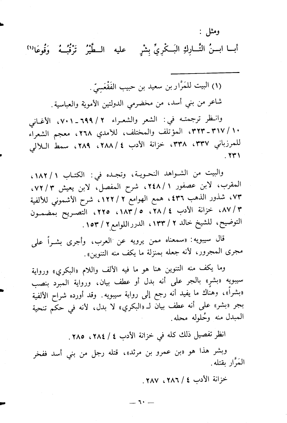 أَبَا ابنُ التَّارِكِ البكْرِيِّ بِشْرٍ ... عَلَيْهِ الطَّيْرُ تَرْقُبُهُ وَقُوعا
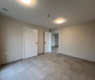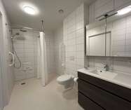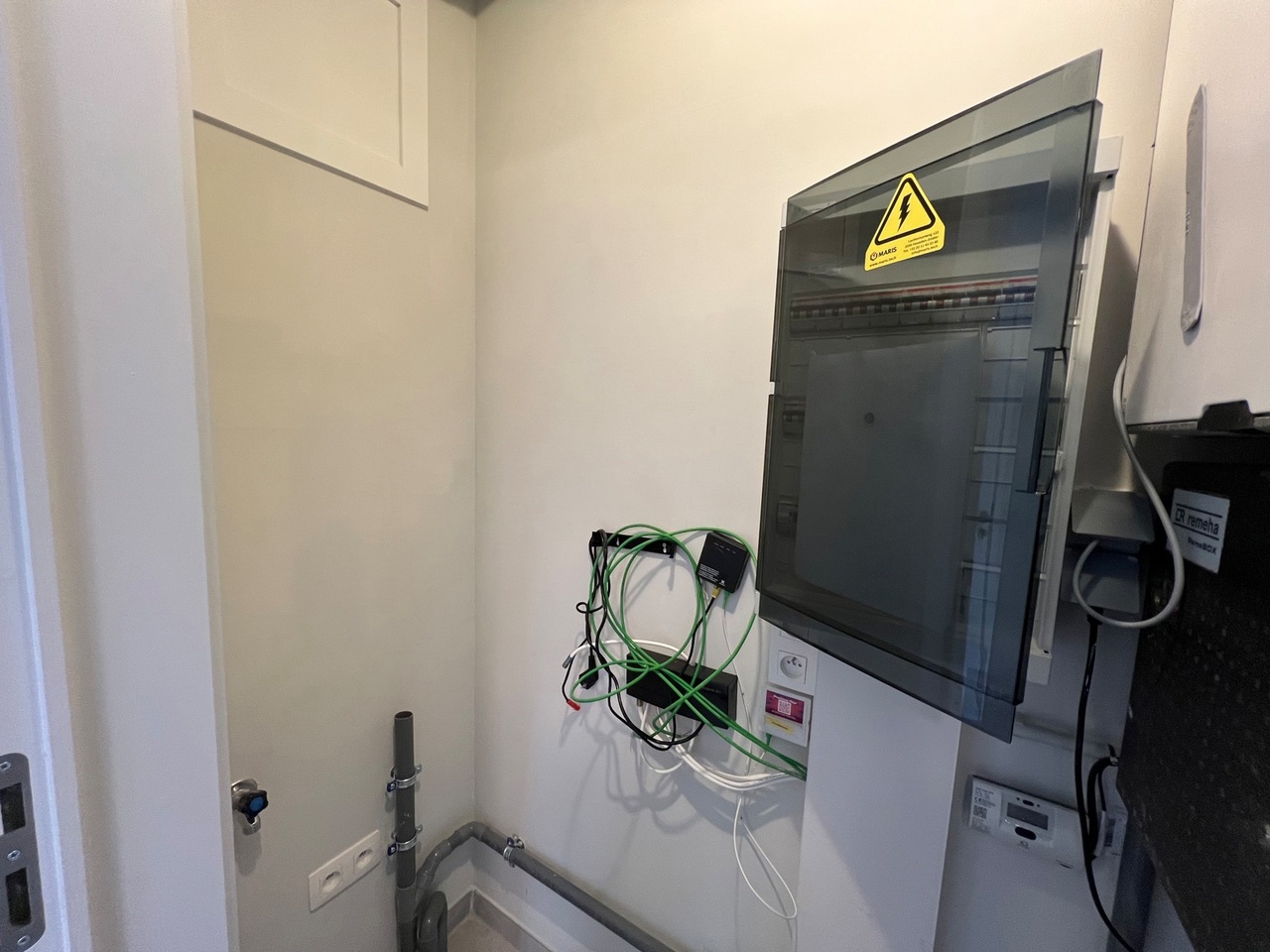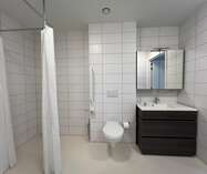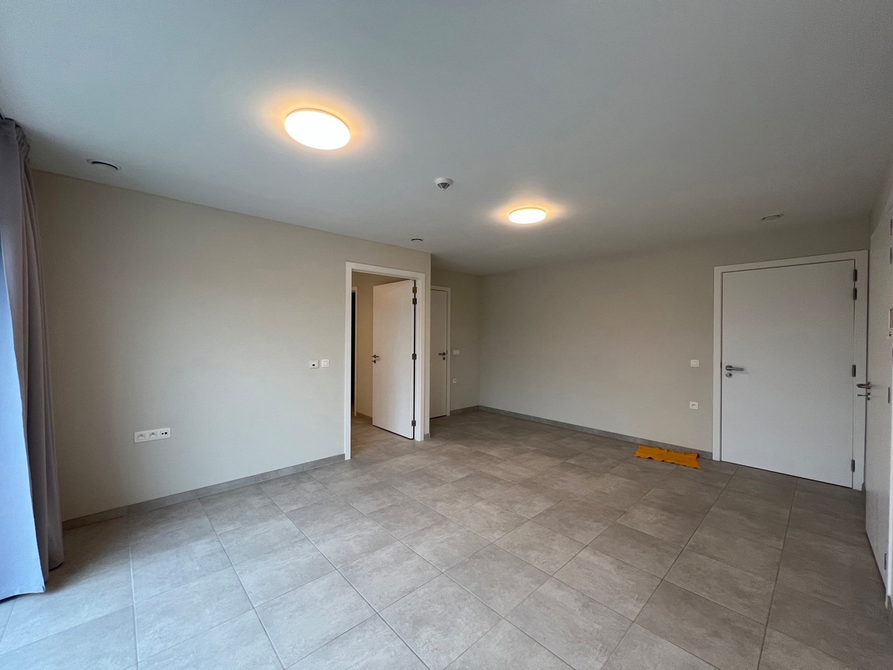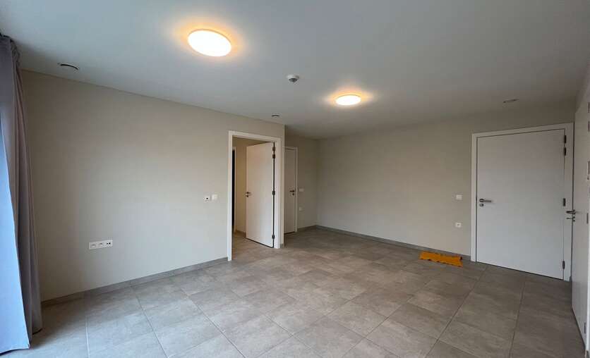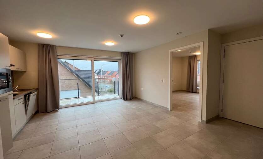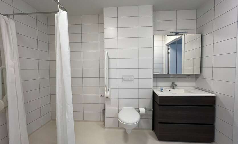 Dit hoekappartement op de bovenste verdieping heeft 1 grote slaapkamer met een aansluitende badkamer (inloopdouche, toilet en wasmeubel met spiegel). Een leefruimte met open ingerichte keuken (vaatwasser, klein kookfornuis, koelkast met diepvriesvak). Berging met aansluiting voor wasmachine. Terras van 5m².
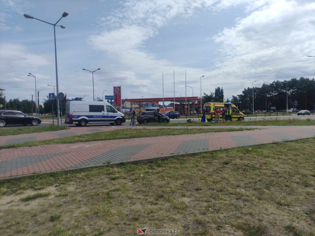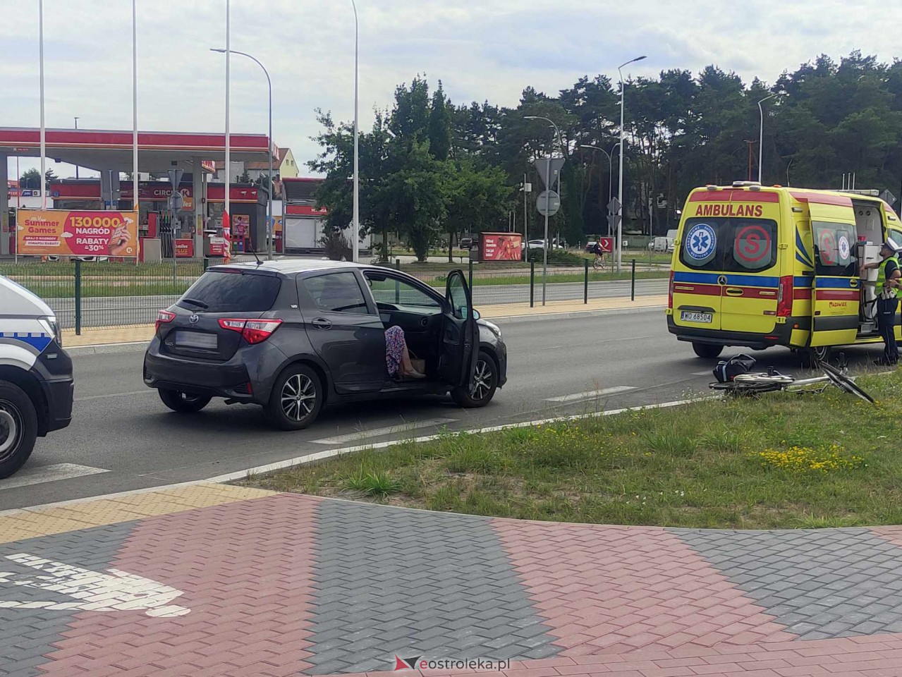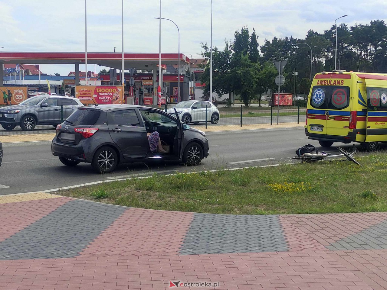 Na rondzie Zbawiciela Świata w Ostrołęce doszło do wypadku. Pod koła osobówki dostała się rowerzystka.
────
Your task is to repeat, word for word and with no picture, every line from the one that contains "Dit hoekappartement op" through the last line of the data.

Output below ->
 Dit hoekappartement op de bovenste verdieping heeft 1 grote slaapkamer met een aansluitende badkamer (inloopdouche, toilet en wasmeubel met spiegel). Een leefruimte met open ingerichte keuken (vaatwasser, klein kookfornuis, koelkast met diepvriesvak). Berging met aansluiting voor wasmachine. Terras van 5m².
 Na rondzie Zbawiciela Świata w Ostrołęce doszło do wypadku. Pod koła osobówki dostała się rowerzystka.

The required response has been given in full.